String are NULL-terminated, that is a 0x00 byte represent the end of the text so our string in memory is 12 bytes long: 11 bytes to store the ext and 1 byte to store the NULL. The compiler optimise the copy operation by copying blocks of memory multiples of 16 bytes, the size of the RAX register.
Strings are stored without duplicates, if two variables are initialised from the same string the string will be copied from the same location.
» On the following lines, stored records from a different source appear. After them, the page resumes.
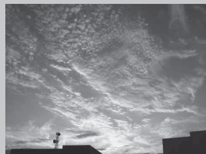
『空』を撮影した写真の一枚
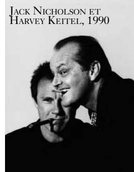
JACK NICHOLSON ET HARVEY KEITEL, 1990
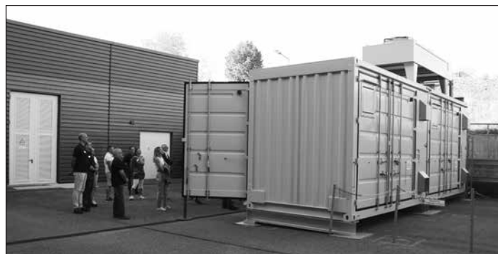
Je nach Kundenanforderung werden Container mit den Batteriemodulen bestückt.

Knapp 60 Gäste folgten am 28. Mai der Einladung der Mercedes-Benz Energy GmbH in die einstige Schüco-Halle zum Unternehmerstammtisch. Bei einer Führung durch Lager-, Prüf- und Servicebereich konnten sich die Besucher des Firmen-Info-Treffens zunächst über die Mercedes-Benz Energy GmbH und ihre Produkte informieren. Das ursprünglich aus der Accumotive GmbH & Co. KG entstandene Unternehmen ist seit Oktober 2024 in Großröhrsdorf ansässig. Es ermöglicht ausgedienten Fahrzeugbatterien ein zweites Leben als Energiespeicher. Damit verlängert das Unternehmen die Lebensdauer der Batterien deutlich und vermeidet ein vorzeitiges Recycling. Die standardisierten Batteriespeicherlösungen mit individueller Anpassbarkeit eignen sich für zahlreiche Anwendungen in Gewerbe und Industrie. Zudem sind sie skalierbar und leisten einen wichtigen Beitrag zu einer stabilen, flexiblen und umweltfreundlicheren Energieversorgung. Die Batteriespeicherlösungen von Mercedes-Benz Energy können Unternehmen dabei unterstützen, ihre Energie effizienter zu nutzen und Kosten zu senken. Ob zur Reduzierung von Lastspitzen, zur effizienteren Nutzung von Energie oder zur Sicherstellung einer stabilen Stromversorgung. Experten entwickeln dafür maßgeschneiderte Konzepte, die exakt auf die jeweiligen Bedürfnisse zugeschnitten sind. Zu diesem Zweck werden Container mit Batteriemodulen bestückt. Eine intelligente Steuerung sowie eine integrierte Kühlung sorgen dabei für Bestleistungen.
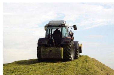
Demi-tardif ≈ FAO 230
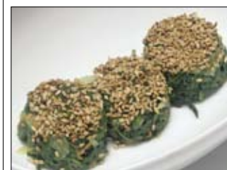
126. Horenso Gomaae 3,50 Spinat mariniert mit Sesam
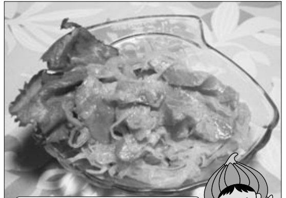
スモークサーモンが2種類のタマネギの味を引き立てます。
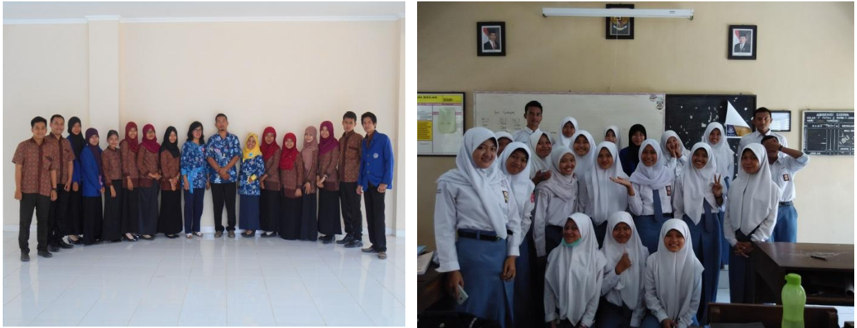
Gambar.6 Penarikan PPL Bersama Koordinator PPL Sekolah dan Siswa Kelas XI IIS 1
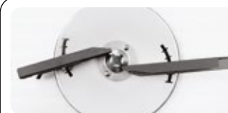
Kit pour épandage
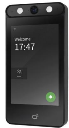
7インチ顔認証リーダー 「WFT-1670」

ティービーアイは今後もセキュリティソリューションの高度化を進め、安全・安心な社会の実現に貢献してまいります。
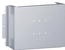
3 389 20

оборудование для монтажа DPX-IS 250 на пластине
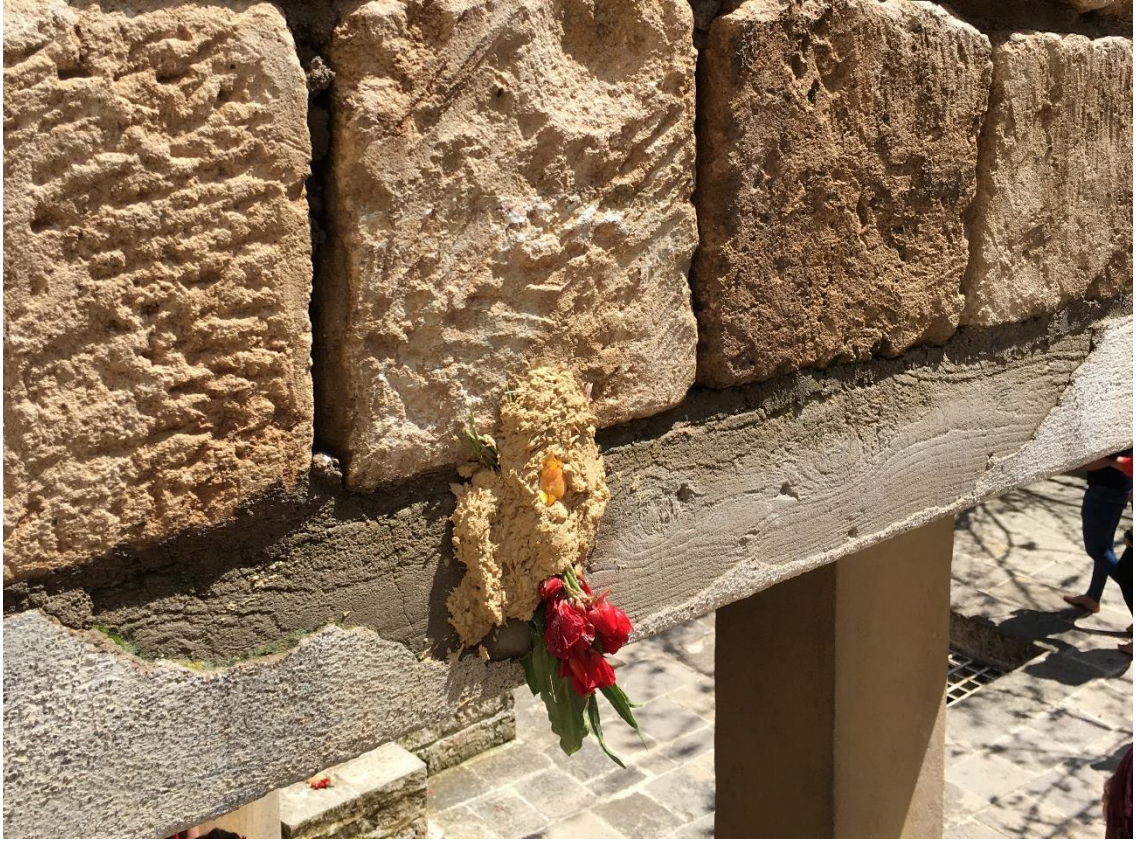
Şekil 2 Yeniden doğuşu temsil eden çiçek. Laleş

This code:
#include <stdio.h>
int main()
{
char text1[] = "hello world";
char text2[] = "hello world";
return 0;
}
disassembled:
0x0000000100000edd <main+29>: mov 0x78(%rip),%rax # 0x100000f5c
0x0000000100000ee4 <main+36>: mov %rax,-0x18(%rbp)
0x0000000100000ee8 <main+40>: mov 0x76(%rip),%ecx # 0x100000f64
0x0000000100000eee <main+46>: mov %ecx,-0x10(%rbp)
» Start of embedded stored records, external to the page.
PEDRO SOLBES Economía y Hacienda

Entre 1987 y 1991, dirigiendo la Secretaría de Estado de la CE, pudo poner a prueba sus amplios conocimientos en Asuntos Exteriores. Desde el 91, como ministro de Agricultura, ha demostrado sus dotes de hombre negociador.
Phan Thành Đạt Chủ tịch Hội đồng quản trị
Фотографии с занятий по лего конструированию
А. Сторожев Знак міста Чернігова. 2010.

0x0000000100000ef1 <main+49>: mov 0x64(%rip),%rax # 0x100000f5c
0x0000000100000ef8 <main+56>: mov %rax,-0x24(%rbp)
0x0000000100000efc <main+60>: mov 0x62(%rip),%ecx # 0x100000f64
Prove that the string “hello world” is stored once starting from 0x100000f5c and copied twice into RBP-24 and RBP-36.
Optimisation
The optimised assembly of the code below doesn’t show any surprise (I added the printf
function call to stop the compiler to remove completely the string’s allocation):
#include <stdio.h>
int main() {
char text[] = "hello world";
printf("%s\n", text);
return 0;
}
disassembled:
0x0000000100000ed0 <main+0>: push %rbp
0x0000000100000ed1 <main+1>: mov %rsp,%rbp
0x0000000100000ed4 <main+4>: push %rbx
0x0000000100000ed5 <main+5>: sub $0x18,%rsp
0x0000000100000ed9 <main+9>: mov 0x158(%rip),%rbx # 0x100001038
0x0000000100000ee0 <main+16>: mov (%rbx),%rax
0x0000000100000ee3 <main+19>: mov %rax,-0x10(%rbp)
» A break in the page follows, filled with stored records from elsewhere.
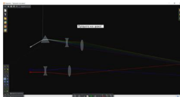
Εικόνα 3. Η προσομοίωση στο Algodoo «Πρίσματα και φακοί»

Ο εκπαιδευτικός παρουσιάζει στους μαθητές τα είδη φακών που υπάρχουν και εξηγεί το σχήμα του καθενός καθώς και το γεγονός πως το όνομα τους προκύπτει από τον τρόπο με τον οποίο μεταχειρίζονται το φως που περνάει από μέσα τους. Στη συνέχεια, συνεχίζει με τη διεξαγωγή του πρώτου πειράματος του βιβλίου εργασιών των μαθητών (Αποστολάκης, κ.ά., 2009γ). Οι μαθητές χωρισμένοι σε ομάδες των 4 έως 5 ατόμων πρέπει να κόψουν ένα ορθογώνιο κομμάτι από το χαρτόνι ενός κουτιού από γάλα ή από χυμό και στη συνέχεια να ανοίξουν με το διατηρητικό μία τρύπα στην άκρη του χαρτονιού. Αφού προσθέσουν με το δάχτυλό τους μία σταγόνα νερό στην τρύπα που άνοιξαν, καλούνται να κοιτάξουν μέσα από την τρύπα μία εικόνα ή μία λέξη στο βιβλίο τους. Στη συνέχεια, μπορούν να δοκιμάσουν να κοιτάξουν μέσα από την τρύπα από διαφορετικές αποστάσεις από τα μάτια τους και από το βιβλίο και να καταγράψουν τι παρατηρούν. Στη συνέχεια, οι μαθητές έρχονται σε επαφή με τη προσομοίωση του Algodoo «Πρίσματα και φακοί» (Εικόνα 3) - η οποία έχει δημιουργηθεί από τους συγγραφείς του σεναρίου - αφού αρχικά προτείνουμε στα παιδιά να ομαδοποιήσουν τους συλλογισμούς τους χρησιμοποιώντας λογισμικό comapping.
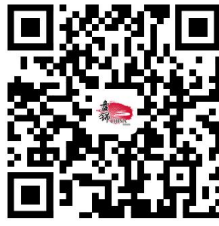
3.国有建设用地使用权及房屋所有权转移登记（新建商品房）
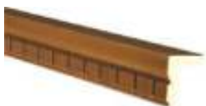
TYP O | LPL-O | L - 1200, 1500, 1800, 2100, 2400, 2700 | H - 47
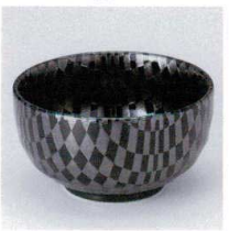
K330-31 市松黒4.1多用井 φ12.8×7cm 680円
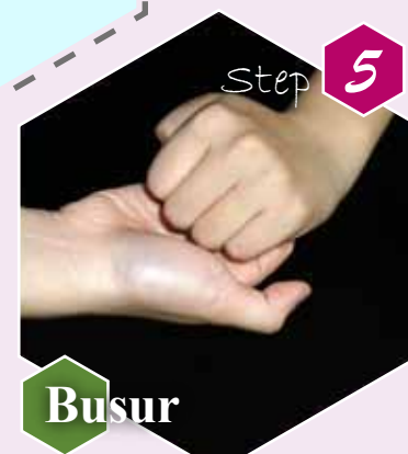
Step 5 Busur Punggung jari tangan kanan digosokkan pada telapak tangan kiri dengan jari sisi sebelah dalam kedua tangan saling mencuci

0x0000000100000ee7 <main+23>: mov $0x6f77206f6c6c6568,%rax
0x0000000100000ef1 <main+33>: mov %rax,-0x20(%rbp)
0x0000000100000ef5 <main+37>: movl $0x646c72,-0x18(%rbp)
0x0000000100000efc <main+44>: lea -0x20(%rbp),%rdi
0x0000000100000f00 <main+48>: callq 0x100000f28 <dyld_stub_puts>
0x0000000100000f05 <main+53>: mov (%rbx),%rax
0x0000000100000f08 <main+56>: cmp -0x10(%rbp),%rax
0x0000000100000f0c <main+60>: jne 0x100000f17 <main+71>
0x0000000100000f0e <main+62>: xor %eax,%eax
0x0000000100000f10 <main+64>: add $0x18,%rsp
0x0000000100000f14 <main+68>: pop %rbx
0x0000000100000f15 <main+69>: pop %rbp
0x0000000100000f16 <main+70>: retq
0x0000000100000f17 <main+71>: callq 0x100000f1c <dyld_stub___stack_chk_fail>
The compiler inlined the string into the MOVs instructions, our string is now the concatenation of 0x6f77206f6c6c6568 and 0x646c72. Note that the string is allocated starting at RBP-32 as “hello world” but the content of RAX in 0x0000000100000ee7 and 0x0000000100000ef5 is “ow olleh” and “dlr” respectively.
How the inverted string in the CPU registers is stored in the correct order in the memory? The content of the RAX register is a 64-bit integer and because the x86-64 paltform is little-endian the LSB is stored in RBP-32 and the MSB in RBP-24 ending up with the correct partial “hello wo” string.
The dyld_stub_puts
aAt the address 0x0000000100000f00 looks like a surrogate of the printf
function (I didn’t found any information about that function ‘till now) which prints the string allocated starting at the address in RDI until a NULL is reached.